Create Term Frequency with tfid vector based on the clean_title column of the movies dataframe. This term frequency will identify if there are similarities in the titles that are searched. The term frequency is used to rank the titles according to their relative significance.

Next, I created a search function. This module received the movie title as an input, and then ran the clean_title function to remove uneccessary characters. Then the module created a matrix based on similar titles and then returned the results of the 10 closest results. 

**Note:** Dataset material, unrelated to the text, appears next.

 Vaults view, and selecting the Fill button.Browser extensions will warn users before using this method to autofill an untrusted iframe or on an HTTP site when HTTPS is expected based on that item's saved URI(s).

Then I created a function that finds similar movies based on the movieId searched. This was done by creating an array of similar users this was done by finding users that rated movies in a similar manner, so any users that rated individual movies higer than a 4 [4.5 or 5] were then grouped into this similar users group. Then I created a similar users rec variable that finds ratings that are within the similar users array.  This was then used to find the count of similar user recs divided by the number of similar users and I then took the top 10% of those recommendations. Next, I created an all_users variable which finds out what all users thought about each movie. This all users recommendation variable was then used to find the difference of what similar users rated movies versus what all users rated those movies. And that recommendation difference was used to create a score that helped sort movies and only return the top 10 movies with the highest score. 

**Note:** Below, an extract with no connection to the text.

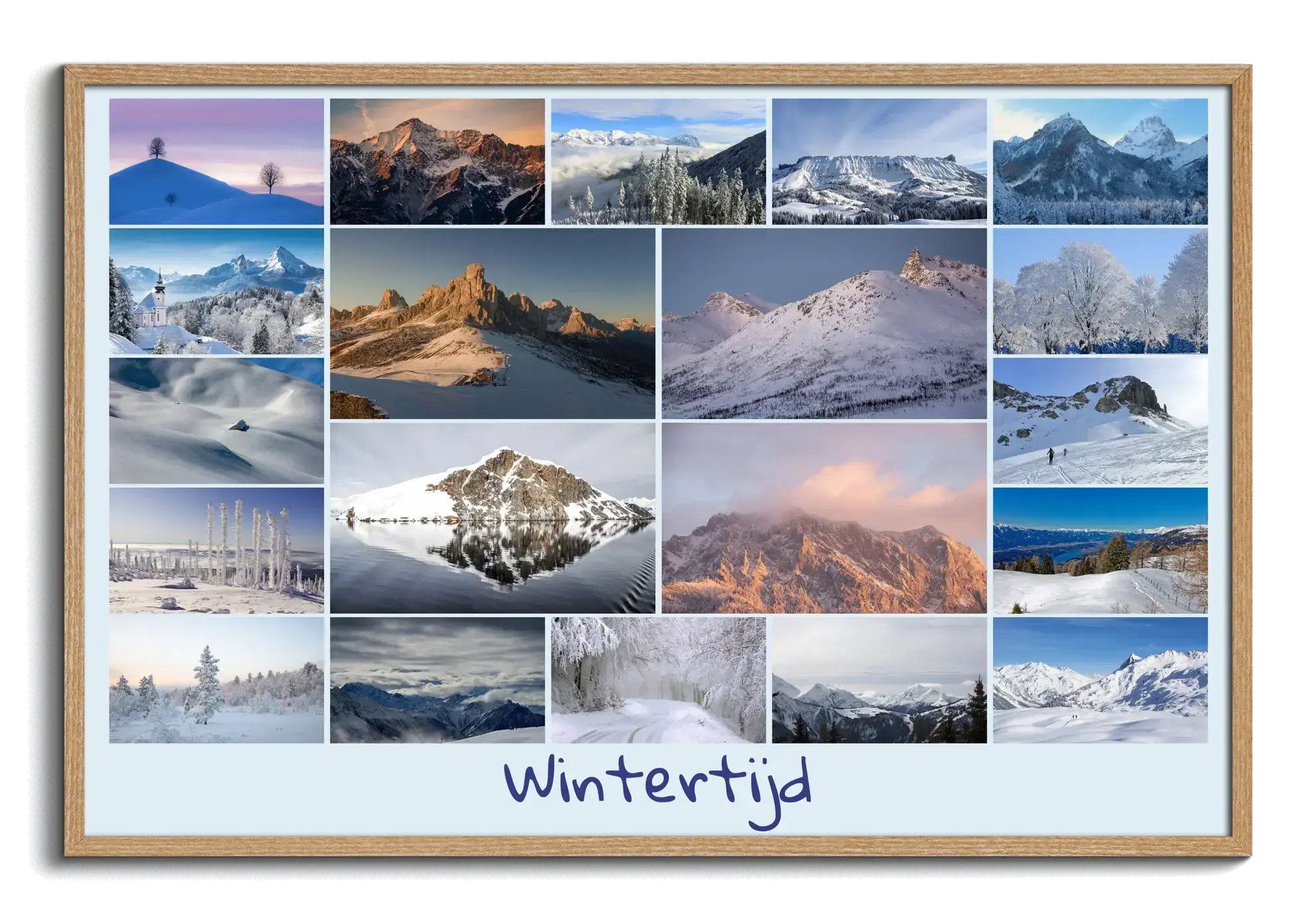 Start nu en maak je eigen natuur-collage. Leg landschappen vast in één ontwerp: bossen in lente, zomer, herfst en winter, lanen en wegen vol herfstbladeren, zomerse weiden in bloei, markante bergketens met besneeuwde toppen en stille winterlandschappen. Perfect voor een rustgevende wand met echte natuurkleuren en premium druk.

Lastly, I created a widget, this would be used for a user to input a movie that they liked, or a movie they wanted to see similar movies to. This was done by creating a movie name input variable wich used the widget function and you input the movie title into it. The recommendation list was the output of this widget function. The recommendation list is based on the title that was input into the text widget, and then the title search function that returns titles that are similar in text frequency matrix and then finds movies that have the highest recommendation score. The output is then the display of the 10 movies most closely related to the search.